Your task
Look below for the line holding "Soustružnický držák S25RGSR4" and the line holding "In empirical damage". Transcribe exactly those lines and all lines between them, nothing more.

[[ Supplied material open ]]

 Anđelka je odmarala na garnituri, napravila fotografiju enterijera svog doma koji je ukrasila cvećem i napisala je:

[[ Supplied material closed ]]
[[ Supplied material open ]]

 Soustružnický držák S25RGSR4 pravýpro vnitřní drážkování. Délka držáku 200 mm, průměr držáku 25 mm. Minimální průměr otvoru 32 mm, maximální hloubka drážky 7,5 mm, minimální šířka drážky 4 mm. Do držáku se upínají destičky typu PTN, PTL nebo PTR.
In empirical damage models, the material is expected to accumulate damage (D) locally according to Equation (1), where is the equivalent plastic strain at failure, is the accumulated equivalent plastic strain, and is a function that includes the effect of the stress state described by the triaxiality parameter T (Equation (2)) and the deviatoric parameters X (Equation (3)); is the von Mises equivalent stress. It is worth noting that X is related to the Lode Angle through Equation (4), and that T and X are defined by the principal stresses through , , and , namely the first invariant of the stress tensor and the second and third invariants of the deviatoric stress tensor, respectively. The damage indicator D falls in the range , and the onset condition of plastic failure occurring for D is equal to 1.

[[ Supplied material closed ]]
[[ Supplied material open ]]

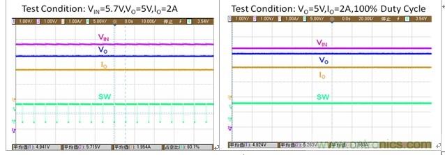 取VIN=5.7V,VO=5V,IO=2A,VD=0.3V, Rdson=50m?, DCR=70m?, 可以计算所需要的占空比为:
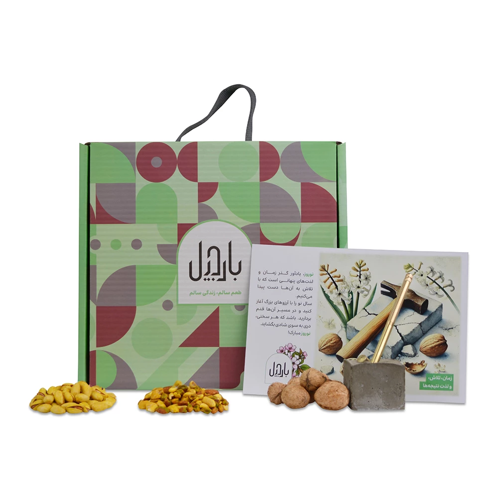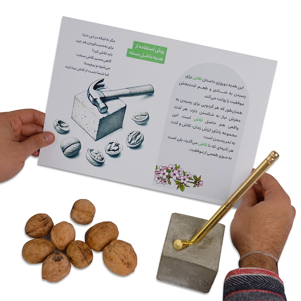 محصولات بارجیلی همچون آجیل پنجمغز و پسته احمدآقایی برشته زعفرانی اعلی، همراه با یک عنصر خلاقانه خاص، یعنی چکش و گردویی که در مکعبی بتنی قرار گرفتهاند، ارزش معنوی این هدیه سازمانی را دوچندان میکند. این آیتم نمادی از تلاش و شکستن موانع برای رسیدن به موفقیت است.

[[ Supplied material closed ]]

Your solution
 Soustružnický držák S25RGSR4 pravýpro vnitřní drážkování. Délka držáku 200 mm, průměr držáku 25 mm. Minimální průměr otvoru 32 mm, maximální hloubka drážky 7,5 mm, minimální šířka drážky 4 mm. Do držáku se upínají destičky typu PTN, PTL nebo PTR.
In empirical damage models, the material is expected to accumulate damage (D) locally according to Equation (1), where is the equivalent plastic strain at failure, is the accumulated equivalent plastic strain, and is a function that includes the effect of the stress state described by the triaxiality parameter T (Equation (2)) and the deviatoric parameters X (Equation (3)); is the von Mises equivalent stress. It is worth noting that X is related to the Lode Angle through Equation (4), and that T and X are defined by the principal stresses through , , and , namely the first invariant of the stress tensor and the second and third invariants of the deviatoric stress tensor, respectively. The damage indicator D falls in the range , and the onset condition of plastic failure occurring for D is equal to 1.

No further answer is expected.